Any chance you know how to do encrypted dcc sends too?

8 days ago by anthk

Thanks, this will work for SIC too.

8 days ago by userbinator

The IRC protocol is both text-based and simple enough that you can use something like netcat as a client (and I have, many times.) The line-based format fits IM perfectly, and the overhead of the protocol is a tiny fraction of the bloated proprietary ones that have filled this use-case today (except MSNP, which in its earlier versions was also delightfully simple and easy to write a client for, but definitely beyond the threshold of being usable "raw".)

8 days ago by nyuszika7h

The problem with that is that IRC networks generally send you a ping every 5 minutes or so, and if you don't send a PONG back in time you are disconnected.

8 days ago by Macha

It varies on network but the timing on that was pretty generous. Seen some networks where it gave you entire minutes to respond

8 days ago by sys_64738

I've used telnet as the client wait in the distant pass. Those were the days.

8 days ago by Fnoord

You could use netcat (or something akin to it). Back in the days I tunneled that via stunnel to get TLS [1] support. One could do the same with POP3 and IMAP.

One problem with this workflow is that in some clients (e.g. IRC client supporting TLS) the user had no way to identify/verify the certificate. If a client just automatically accept self-signed certificates, its just snake oil.

[1] Everyone still called it SSL back then. Oh, wait...

8 days ago by a1369209993

> If a client just automatically accept self-signed certificates, its just snake oil.

It forces attackers to use a active attack rather than a passive one. Which is the only security most IRC can have anyway, since the attacker could just join the channel and listen in that way, since most IRC networks are public.

8 days ago by sys_64738

I never did SSL from telnet for sure, in fact I didn't know IRC supported encryption back then. There was also the ident response that was needed - can't recall the particulars as it's been 20+ years.

8 days ago by hombre_fatal

telnet for MUDs too. Such a simple interface for such complex worlds is something that still fascinates me.

8 days ago by anthk

And Nethack/Slashem servers :D.

So you can play RPGs remotely from any crap built from the 80's with serial support and a 80x24 display (WIFI232), on the display, a Spectrum +3 would suffice.

8 days ago by smabie

Like books

8 days ago by dependenttypes

IRC has the issue that it lacks end to end encryption (and sadly OTR is outdated garbage)
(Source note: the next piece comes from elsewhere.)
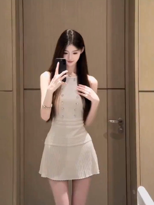 Suit outfit gentle temperament white vest pleated skirt two-piece suit R0662
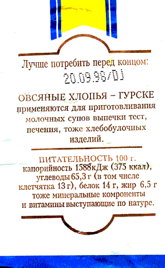 Вы представляете, насколько Андрей был озадачен, прочитав эту ценную информацию? Мало того, что хлопья "ГУРСКЕ" лучше потребить перед концом, а печальный конец у Андрея, надеюсь, весьма далек! Но кроме того, в хлопьях какая-то капорийность, клятчатка, загадочные минеральные комроненты, но главное - витамины выступающие по натуре! Впрочем, я думаю, что там элементарная опечатка, поэтому имелись в виду витамины, выступающие в натуре! То есть берешь ты один хлопчик, а оттуда витамин - КАК ПРЫГНЕТ, да как сунет тебе два растопыренных пальца в нос и скажет: "Ну что, фраер, децл шамовки захотел?".

If you use netcat you also do not use tls, try openssl s_client -connect server:port instead.

8 days ago by snazz

I generally support end-to-end encryption for everything, but I'm not sure that it makes sense in the context of IRC. IRC networks are usually public, so anyone could join your channel and listen in, even with end-to-end encryption. It seems like E2E would make for a lot of complexity and overhead without tangibly increasing the privacy of the users.

8 days ago by Fnoord

Before E2EE was used in IM clients, IRC already had IRC over TLS, and also OTR (which was also used in Gaim/Pidgin).

On IRC, IRC over TLS doesn't have the same threat model as E2EE. With IRC over TLS, the server(s) can read the data plaintext. With proper E2EE (not the marketing version) that's not the case; only clients can read the data. I'm talking about actual data/content here; not metadata.

8 days ago by oarsinsync

> IRC networks are usually public, so anyone could join your channel and listen in, even with end-to-end encryption.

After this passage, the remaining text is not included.